"""

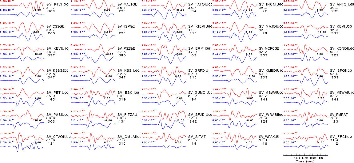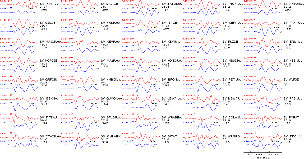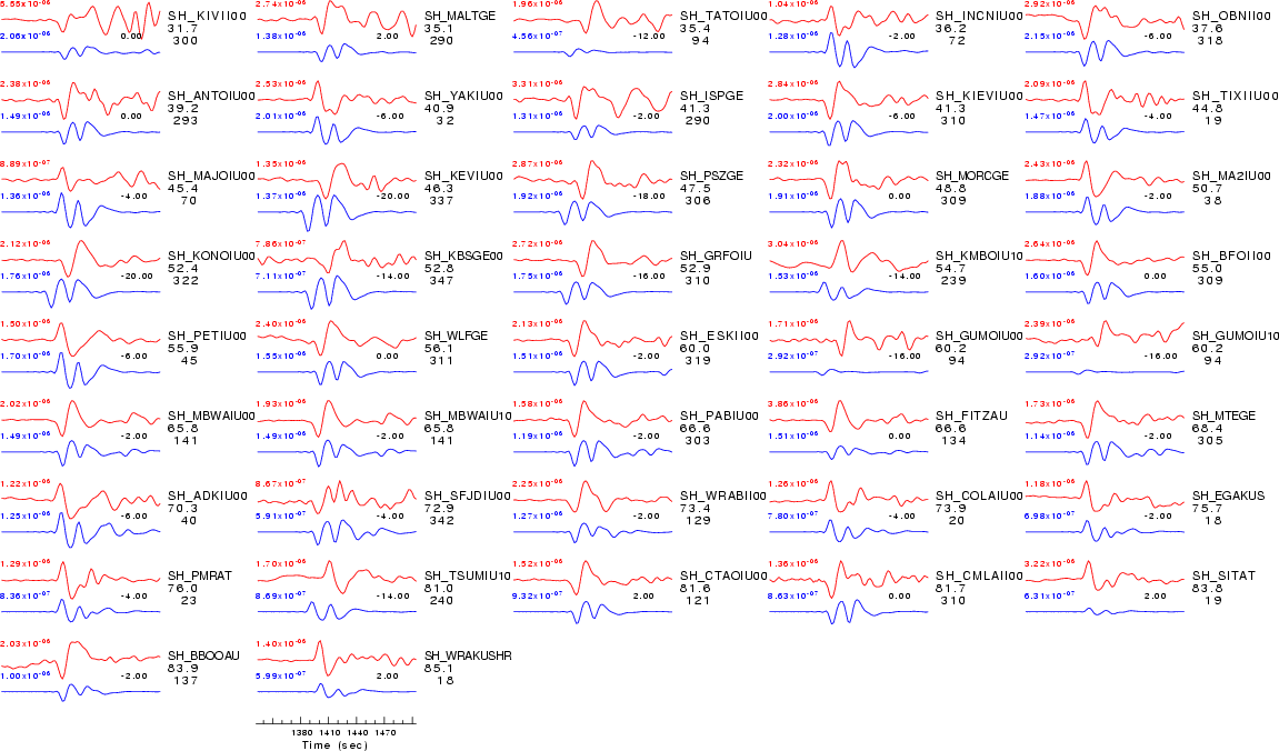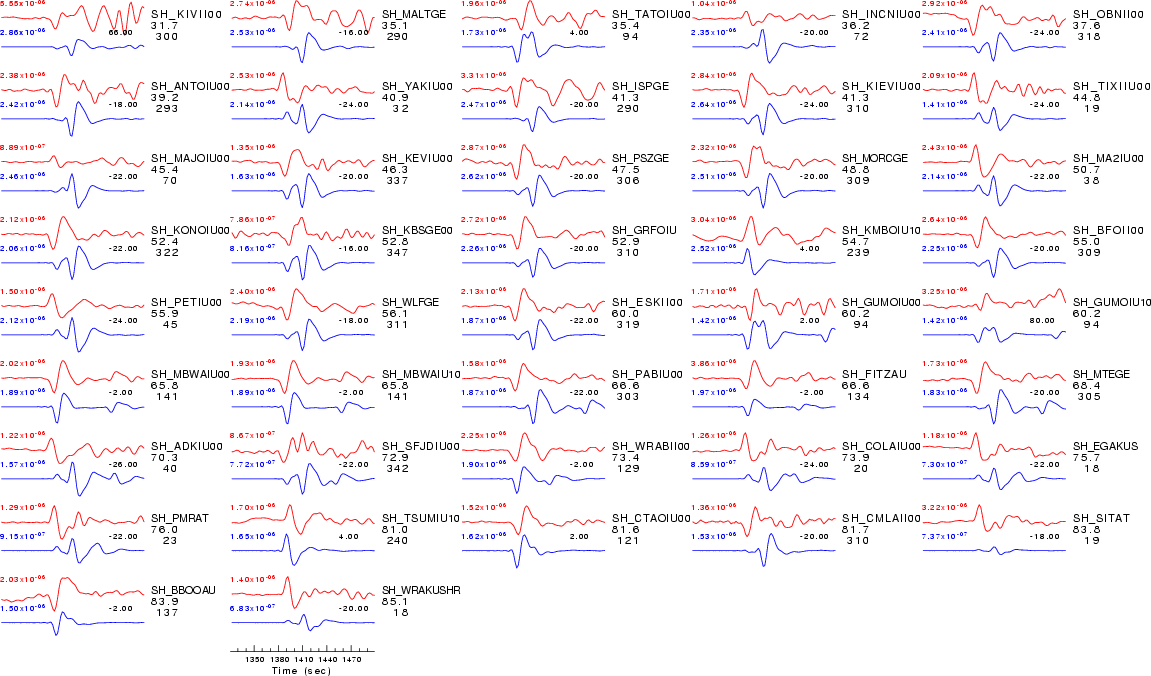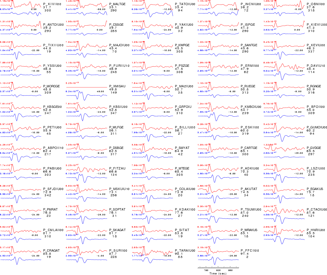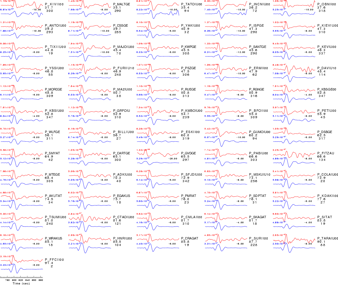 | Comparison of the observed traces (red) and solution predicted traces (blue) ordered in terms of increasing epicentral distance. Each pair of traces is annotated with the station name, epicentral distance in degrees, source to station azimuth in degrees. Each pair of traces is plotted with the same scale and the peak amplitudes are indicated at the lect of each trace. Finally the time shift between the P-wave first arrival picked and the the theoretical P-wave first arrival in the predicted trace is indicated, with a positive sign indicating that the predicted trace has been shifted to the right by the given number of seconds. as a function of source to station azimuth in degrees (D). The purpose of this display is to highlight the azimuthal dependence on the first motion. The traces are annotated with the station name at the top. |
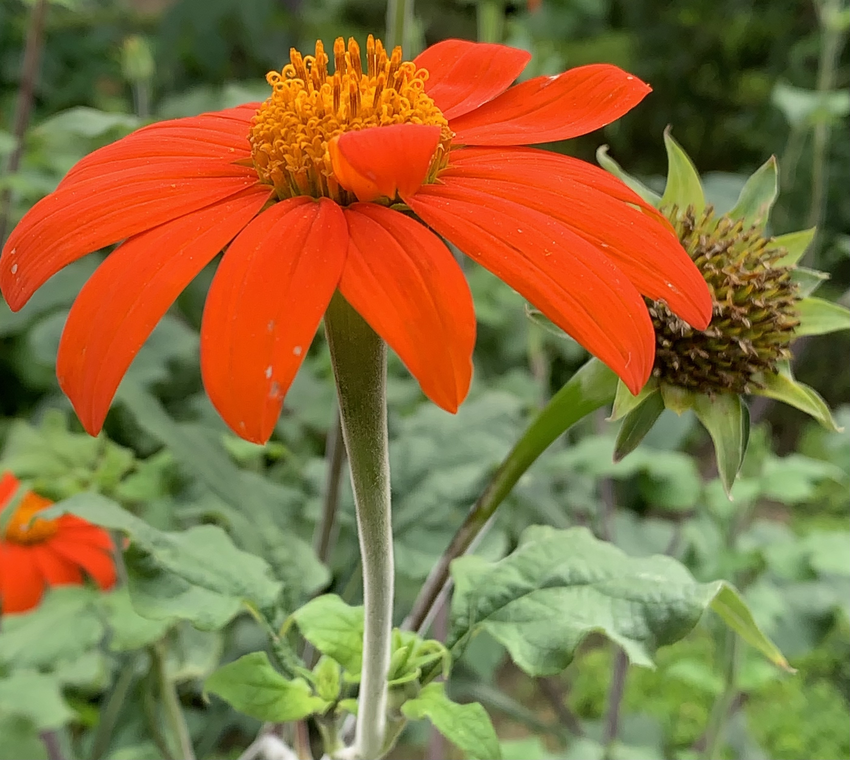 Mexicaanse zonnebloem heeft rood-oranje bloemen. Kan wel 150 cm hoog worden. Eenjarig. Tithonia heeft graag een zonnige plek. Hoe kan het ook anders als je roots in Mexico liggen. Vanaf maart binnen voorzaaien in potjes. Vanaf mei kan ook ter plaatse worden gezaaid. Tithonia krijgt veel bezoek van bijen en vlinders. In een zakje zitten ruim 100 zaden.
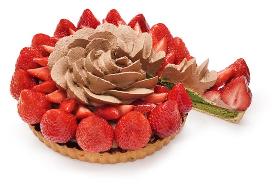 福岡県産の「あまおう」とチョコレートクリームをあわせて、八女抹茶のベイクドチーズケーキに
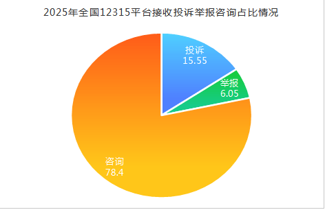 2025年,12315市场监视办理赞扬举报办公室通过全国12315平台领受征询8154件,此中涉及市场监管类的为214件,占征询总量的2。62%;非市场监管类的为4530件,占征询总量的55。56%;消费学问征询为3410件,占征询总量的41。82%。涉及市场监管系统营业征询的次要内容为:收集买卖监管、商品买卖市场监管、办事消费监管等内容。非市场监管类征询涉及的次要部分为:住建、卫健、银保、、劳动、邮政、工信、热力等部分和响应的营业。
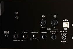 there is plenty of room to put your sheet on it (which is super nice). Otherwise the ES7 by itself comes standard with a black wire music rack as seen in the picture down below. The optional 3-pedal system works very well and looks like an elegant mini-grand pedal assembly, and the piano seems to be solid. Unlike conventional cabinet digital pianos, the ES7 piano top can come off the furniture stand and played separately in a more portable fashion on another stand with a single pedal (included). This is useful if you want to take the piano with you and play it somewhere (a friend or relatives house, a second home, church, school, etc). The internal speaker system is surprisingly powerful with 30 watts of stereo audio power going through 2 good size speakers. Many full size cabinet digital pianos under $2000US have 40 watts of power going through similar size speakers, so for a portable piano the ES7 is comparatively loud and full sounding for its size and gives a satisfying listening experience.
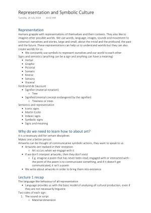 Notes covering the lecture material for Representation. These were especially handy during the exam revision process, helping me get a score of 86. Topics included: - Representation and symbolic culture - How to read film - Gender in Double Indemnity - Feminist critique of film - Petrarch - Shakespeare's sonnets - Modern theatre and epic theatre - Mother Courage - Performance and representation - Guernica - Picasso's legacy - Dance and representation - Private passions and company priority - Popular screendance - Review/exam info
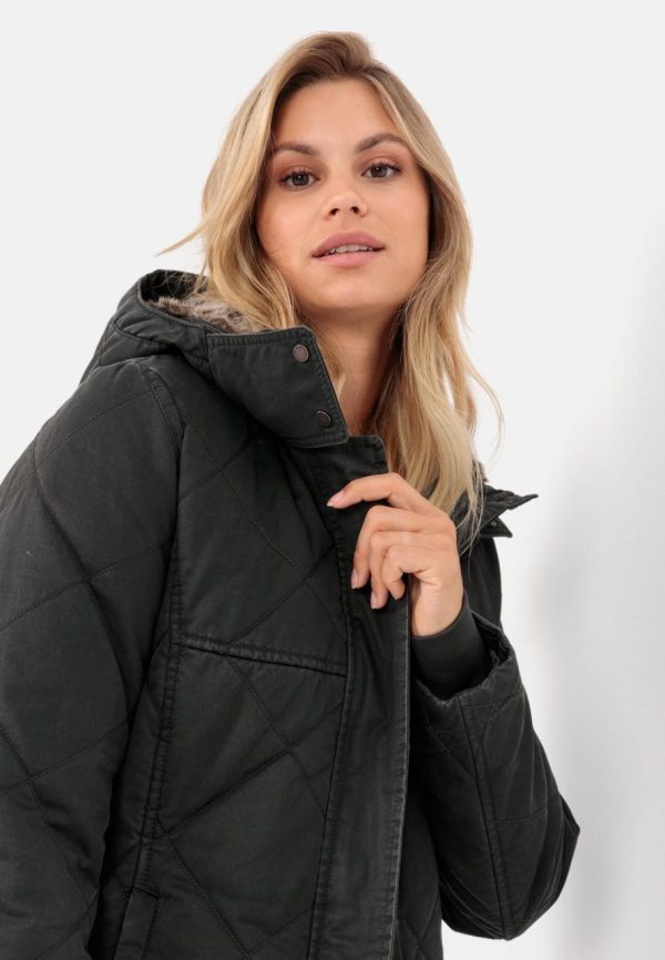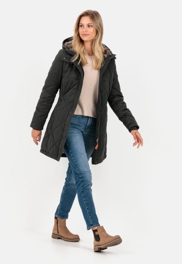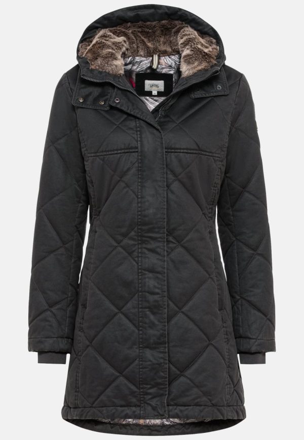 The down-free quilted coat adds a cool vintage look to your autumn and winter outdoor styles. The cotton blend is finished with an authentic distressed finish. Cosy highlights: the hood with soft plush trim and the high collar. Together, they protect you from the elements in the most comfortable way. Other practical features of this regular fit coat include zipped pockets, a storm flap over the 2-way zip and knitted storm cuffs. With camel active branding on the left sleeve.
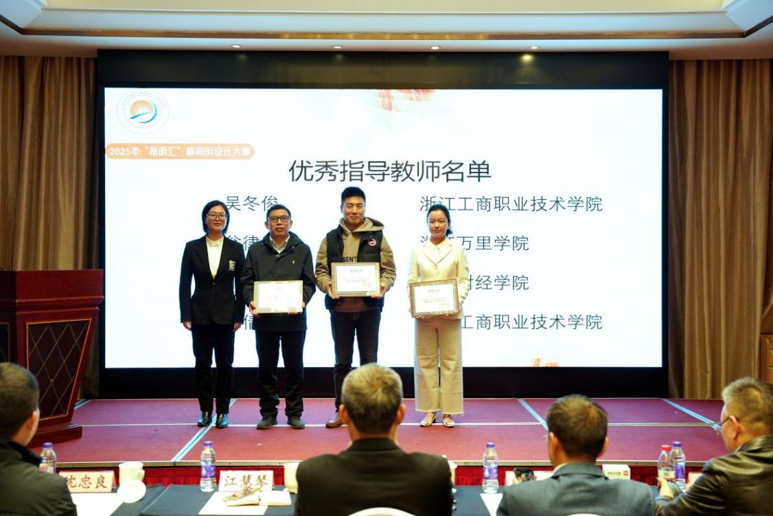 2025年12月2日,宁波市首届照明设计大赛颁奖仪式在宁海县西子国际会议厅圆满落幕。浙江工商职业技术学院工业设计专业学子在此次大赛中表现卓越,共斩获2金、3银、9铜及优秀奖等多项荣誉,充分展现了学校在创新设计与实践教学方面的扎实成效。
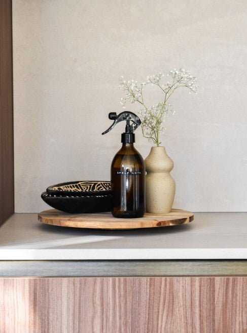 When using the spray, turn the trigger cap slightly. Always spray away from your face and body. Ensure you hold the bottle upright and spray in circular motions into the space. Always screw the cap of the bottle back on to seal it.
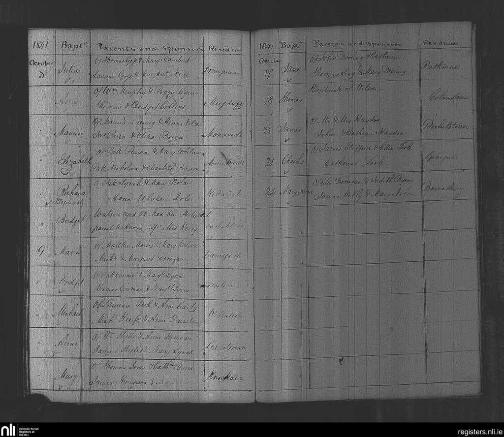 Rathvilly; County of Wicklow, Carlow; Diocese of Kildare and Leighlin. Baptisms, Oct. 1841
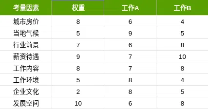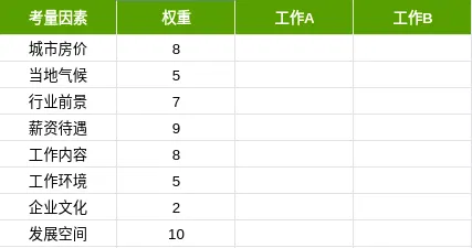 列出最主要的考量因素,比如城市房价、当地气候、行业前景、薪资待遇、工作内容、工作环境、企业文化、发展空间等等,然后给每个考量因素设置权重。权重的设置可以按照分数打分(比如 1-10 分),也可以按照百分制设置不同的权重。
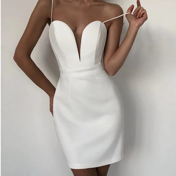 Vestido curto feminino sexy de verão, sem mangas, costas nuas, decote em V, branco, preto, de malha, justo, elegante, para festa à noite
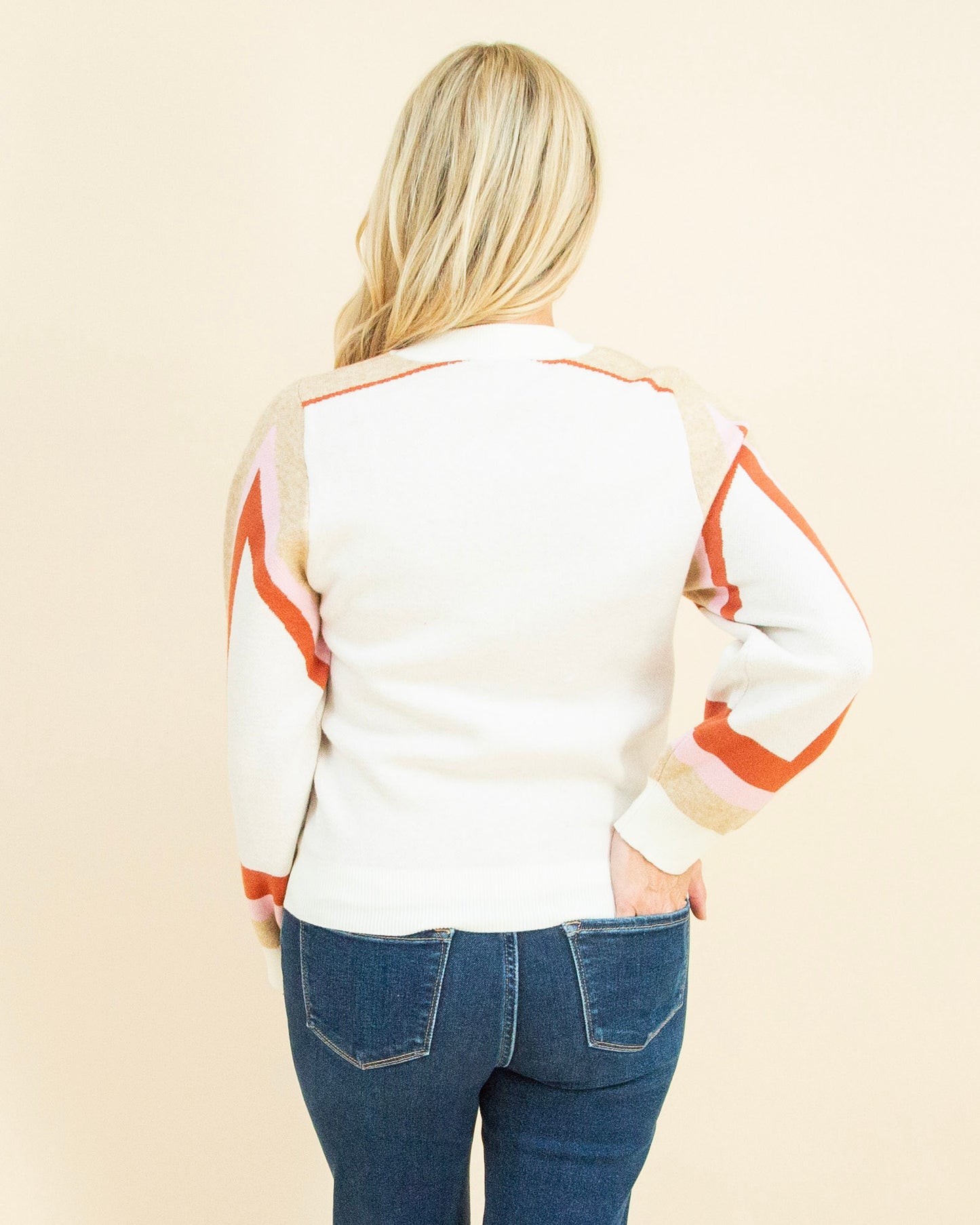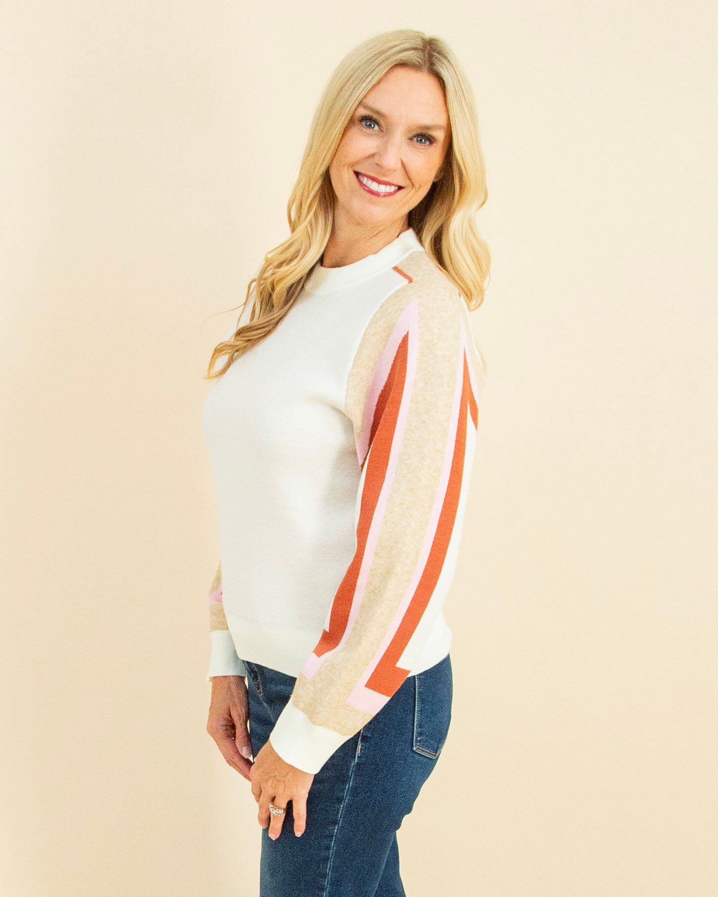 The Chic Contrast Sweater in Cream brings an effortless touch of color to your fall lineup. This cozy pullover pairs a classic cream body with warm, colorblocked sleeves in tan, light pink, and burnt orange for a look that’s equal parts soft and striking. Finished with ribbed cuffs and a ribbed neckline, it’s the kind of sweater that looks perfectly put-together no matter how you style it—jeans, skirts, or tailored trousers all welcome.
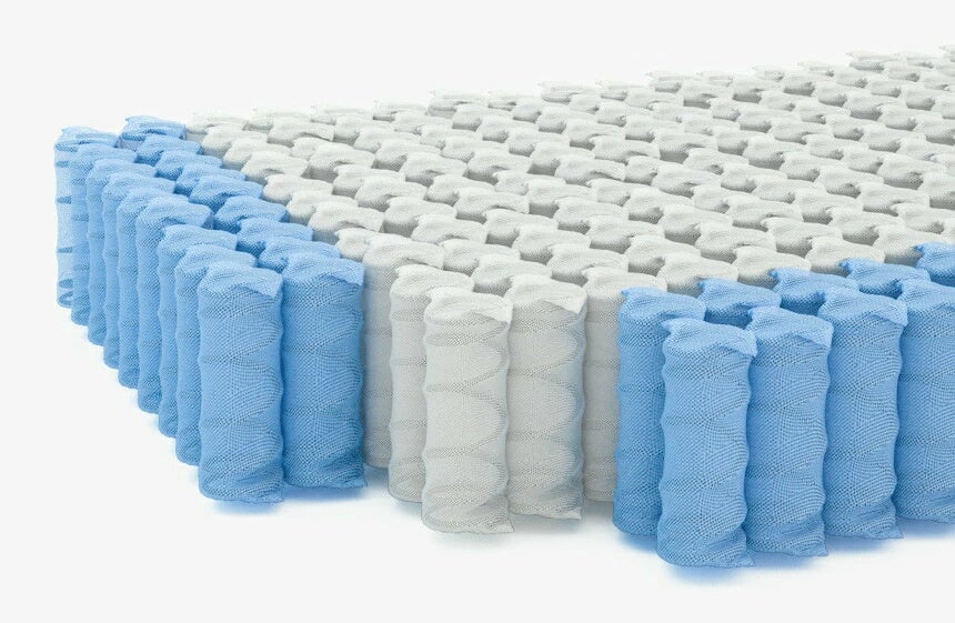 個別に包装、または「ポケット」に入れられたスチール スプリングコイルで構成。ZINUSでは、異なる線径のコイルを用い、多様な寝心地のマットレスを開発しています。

"""

> [Your objective]:
Repeat, word for word, the lines of the material above from the one holding "2025年,12315市场监" through the one holding "Notes covering the". Leave out pictures.

> [Response to this exercise]:
 2025年,12315市场监视办理赞扬举报办公室通过全国12315平台领受征询8154件,此中涉及市场监管类的为214件,占征询总量的2。62%;非市场监管类的为4530件,占征询总量的55。56%;消费学问征询为3410件,占征询总量的41。82%。涉及市场监管系统营业征询的次要内容为:收集买卖监管、商品买卖市场监管、办事消费监管等内容。非市场监管类征询涉及的次要部分为:住建、卫健、银保、、劳动、邮政、工信、热力等部分和响应的营业。
 there is plenty of room to put your sheet on it (which is super nice). Otherwise the ES7 by itself comes standard with a black wire music rack as seen in the picture down below. The optional 3-pedal system works very well and looks like an elegant mini-grand pedal assembly, and the piano seems to be solid. Unlike conventional cabinet digital pianos, the ES7 piano top can come off the furniture stand and played separately in a more portable fashion on another stand with a single pedal (included). This is useful if you want to take the piano with you and play it somewhere (a friend or relatives house, a second home, church, school, etc). The internal speaker system is surprisingly powerful with 30 watts of stereo audio power going through 2 good size speakers. Many full size cabinet digital pianos under $2000US have 40 watts of power going through similar size speakers, so for a portable piano the ES7 is comparatively loud and full sounding for its size and gives a satisfying listening experience.
 Notes covering the lecture material for Representation. These were especially handy during the exam revision process, helping me get a score of 86. Topics included: - Representation and symbolic culture - How to read film - Gender in Double Indemnity - Feminist critique of film - Petrarch - Shakespeare's sonnets - Modern theatre and epic theatre - Mother Courage - Performance and representation - Guernica - Picasso's legacy - Dance and representation - Private passions and company priority - Popular screendance - Review/exam info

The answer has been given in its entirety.